Di lengannya tergantung tas edisi terbatas musim ini, riasannya sempurna, wajahnya segar berseri. Dia berbincang santai dengan staf sekretaris, sikapnya seperti nyonya perusahaan.

Sebelum masuk ke kantor Jeffry, Elora sempat melirik Shelly yang duduk di ruang tamu.

Dia pun melambaikan tangan dan memanggil salah satu sekretaris yang paling muda, Livia Yunita.

“Ada apa itu?”

“Bu Shelly datang mencari Pak Jeffry, tapi tidak membuat janji temu, jadi harus menunggu.”

Livia tersenyum menjilat.

Elora memainkan kukunya, matanya berkilat licik, lalu berbisik memberi instruksi.

Tidak lama kemudian, Livia masuk ke ruang tamu.

“Bu Shelly, sebaiknya Anda pulang dulu. Pak Jeffry tidak punya waktu untuk menemui Anda.”

Shelly mengangkat kepala menatapnya. “Rapatnya masih belum selesai. Kalimat itu sepertinya bukan dari beliau.”

Livia langsung terdiam, tidak bisa menjawab.

Shelly pun mengerti situasinya.

“Nanti setelah Pak Jeffry selesai rapat, tolong sampaikan padanya saya hanya butuh lima menit.”

“Bu Shelly, memangnya urusan apa yang tidak bisa dibicarakan lewat telepon, kenapa sampai harus datang langsung ke kantor?” Livia mencoba menggali informasi.

“Telepon Pak Jeffry tidak bisa dihubungi.”

Kalau bukan karena itu, Shelly tidak akan repot-repot datang.

Livia menyampaikan kata-kata itu kepada Elora.

Elora sama sekali tidak percaya.

Kalau memang urusan mendesak, Shelly pasti tidak akan duduk diam menunggu. Fakta bahwa dia menunggu berarti bukan urusan pekerjaan, melainkan ingin bertemu Jeffry!

Selama setengah tahun ini Shelly selalu bersikap patuh, Elora bahkan sudah tidak menganggapnya sebagai ancaman.

Tapi sekarang, ketika dia dan Jeffry akan bertunangan, Shelly tiba-tiba muncul lagi.

Bagaimana mungkin Elora tidak waspada?

Livia bolak-balik di antara mereka, lalu kembali ke ruang rapat.

“Bu Shelly, tolong pindah ke ruang rapat di sebelah timur. Ruangan ini akan dipakai sebentar lagi.”

Shelly pun berdiri, mengambil tasnya, lalu pergi tanpa banyak bicara.

Ruang rapat di sebelah timur berada di sudut kantor, Jeffry tidak akan melewati sana saat kembali ke kantornya.

Artinya, dia tidak akan terlihat.

Shelly duduk, lalu mengeluarkan ponselnya dan mengirim pesan.
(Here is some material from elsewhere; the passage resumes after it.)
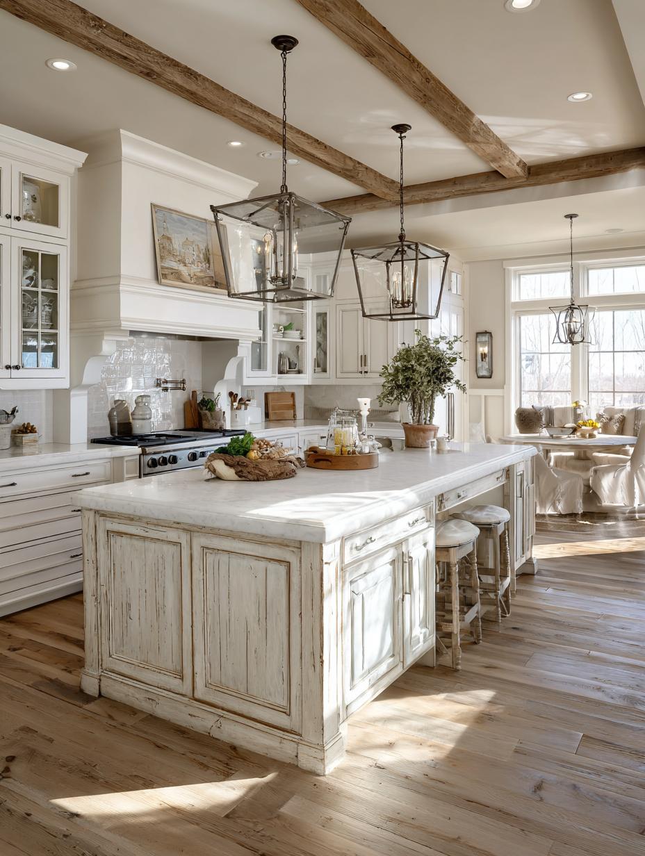 Weathered wooden beams stretch across vaulted ceilings, creating architectural drama above this pristine white kitchen. Lantern-style pendant lights cast warm illumination over a distressed island base that contrasts beautifully with smooth marble countertops. Glass-front cabinets showcase curated dishware while natural light floods through expansive windows, highlighting the rich hardwood floors that ground this sophisticated farmhouse design with authentic rustic charm.

[Tania, segera kabari aku kalau Pak Jeffry kembali ke kantor.]

Tania Putri dan Livia masuk kerja di Departemen Sekretaris pada waktu yang sama.

Kepribadian mereka sangat berbeda. Livia suka mencari muka, dulu sering mendekati Shelly, tapi Shelly selalu bersikap dingin.
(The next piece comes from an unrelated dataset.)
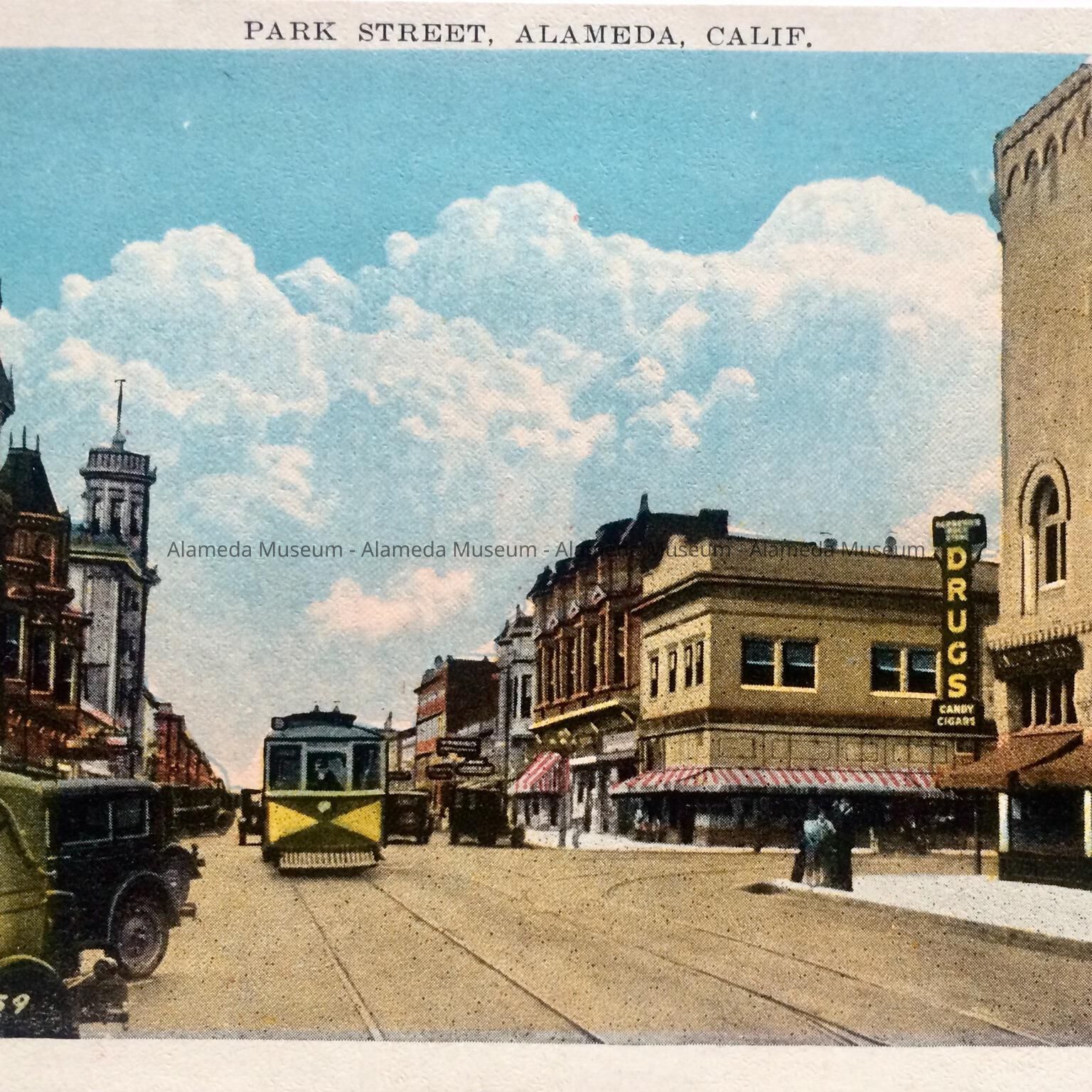 Photographic postcard depicting the intersection of Santa Clara Ave, and Park Street, in the late 1920's.

Sebaliknya, dia lebih menyukai Tania yang pekerja keras dan tulus.

Tidak lama kemudian, Tania membalas dengan emotikon, “OK”.

Karena masih banyak urusan cabang perusahaan yang harus ditangani, Shelly mulai bekerja.

Tanpa terasa, waktu sudah lewat tengah hari.

Pintu ruang rapat tiba-tiba terbuka, Tania berlari masuk dengan wajah penuh rasa bersalah.

“Kak Shelly, Pak Jeffry sudah pergi makan siang di lantai enam bersama Nona Elora. Waktu dia selesai rapat, aku kebetulan tidak di tempat, jadi tidak melihatnya.”

Shelly menutup laptopnya, memasukkannya ke dalam tas, lalu berdiri.

“Tidak apa-apa, aku masih sempat ke sana sekarang.”

“Maaf ya, Kak Shelly, aku benar-benar tidak memperhatikan kapan Pak Jeffry kembali.”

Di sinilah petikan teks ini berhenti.